The Framework part of the name touches on that same thing. It is extensible as a framework. It isn’t just for networking and firewalling, although those are focus for it. Other solutions, network based, around file servers, around PBX, voice over IP, other solutions based on the same platform are eminently feasible with the basic distribution.

In terms of what it will do – it will do anything that a standard Linux distribution will do. It is low-end in terms of its demands on resources. Pretty high performance, as best we can get it given those constraints, and pretty flexible.

It is tailored, in its bare distributions, for various network based purposes, but it is extensible beyond that.

R: I saw something on the website about wireless access points. I used to have a flashable WAP. Is it used for that as well?

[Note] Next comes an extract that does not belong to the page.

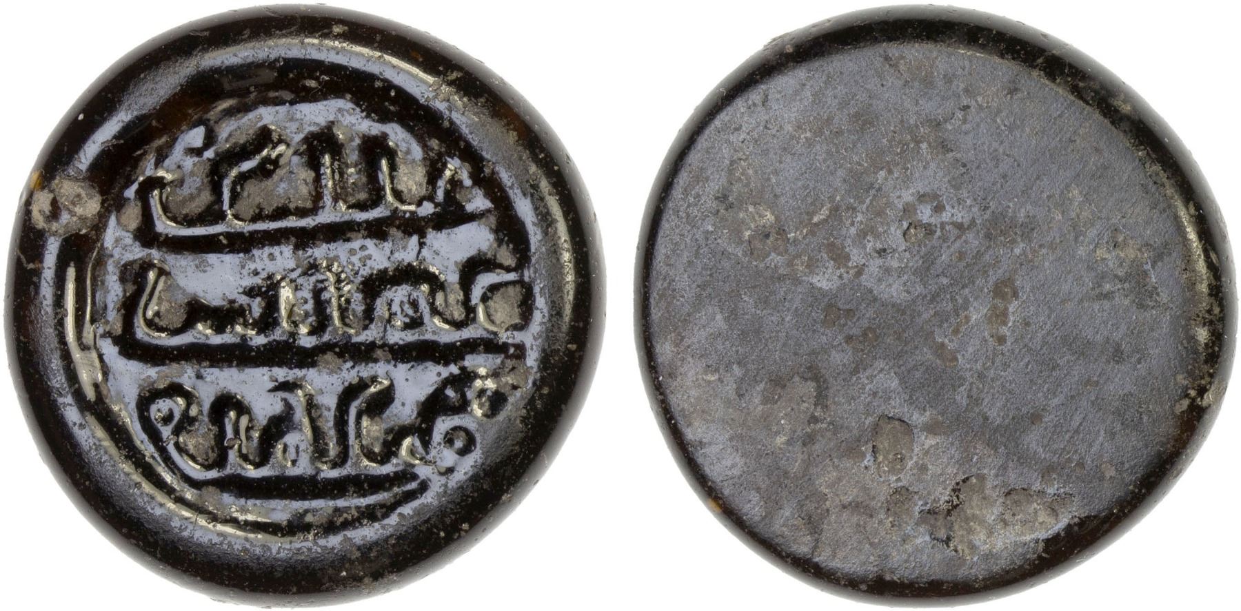 MAMLUK: glass weight (jeton) (3.04g), A-1046, undeciphered personal name; dark purple brown with trace of translucence, VF, ex SARC Auction 12, lot 358, ex Ismail al-Imam Collection.

D: It’s used for that kind of purpose. Not as part of any commercial offerings as far as I’m aware. But if you look at the technology that’s used, I certainly see equivalent componentry in terms of the software applications that run on access points from 3Com, other people, the same kinds of solutions get used that we have available within LEAF. And certainly people are successfully able to build wireless access points.

R: The other thing I noticed on the website is that you mention several forks of your code base, other distributions of it. What’s the philosophy there regarding other distributions of your base?

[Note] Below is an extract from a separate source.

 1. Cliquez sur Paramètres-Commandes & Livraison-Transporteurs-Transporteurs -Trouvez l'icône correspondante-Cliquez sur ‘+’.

D: That’s a good question. It really dates back to the early days of the LEAF project – back to about the year 2000. There’s quite a nice diagram on the website that talks about how various projects have merged together and then forked away. One of the initial projects that we based the LEAF solution on was the Linux Router Project (LRP), and personally that’s how I came across LEAF. I initially started about 1999 using LRP to use my own router, and stuck with it for a while. Then I was aware that LRP wasn’t being actively developed, after the year 2000, or maybe 2001, and that the LEAF team were developing LEAF Bering that I then switched to.

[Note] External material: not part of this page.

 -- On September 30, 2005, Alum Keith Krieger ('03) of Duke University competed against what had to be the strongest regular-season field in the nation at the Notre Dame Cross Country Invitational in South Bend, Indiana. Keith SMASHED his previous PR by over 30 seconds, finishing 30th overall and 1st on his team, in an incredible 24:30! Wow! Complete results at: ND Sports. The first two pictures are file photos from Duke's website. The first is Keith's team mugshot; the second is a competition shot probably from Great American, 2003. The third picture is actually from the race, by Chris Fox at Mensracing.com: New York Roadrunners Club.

There were then various evolutions. What tends to happen is that there’s an initiative to make a fairly major change. For example, there was a change from using conventional libc to micro libc or uclibc, which is now used for the main active branch of the project. These major changes happen, and then things stabilize. The developers and users get to be happy with what’s happening. Then there’s another requirement to change the status quo because maybe people have different ambitions. That’s happened quite recently.

My active involvement has been quite recent. Perhaps the last two years or so, where the version 3 of Bering uclibc was stable, working fine for a lot of people. Based on the Linux kernel version 2.4, which did impose certain constraints. It was constraining some of the functionality, especially around IPv6, and some of the firewalling. And some of the add-on applications were constrained in terms of the versions that were compatible with that 2.4 kernel.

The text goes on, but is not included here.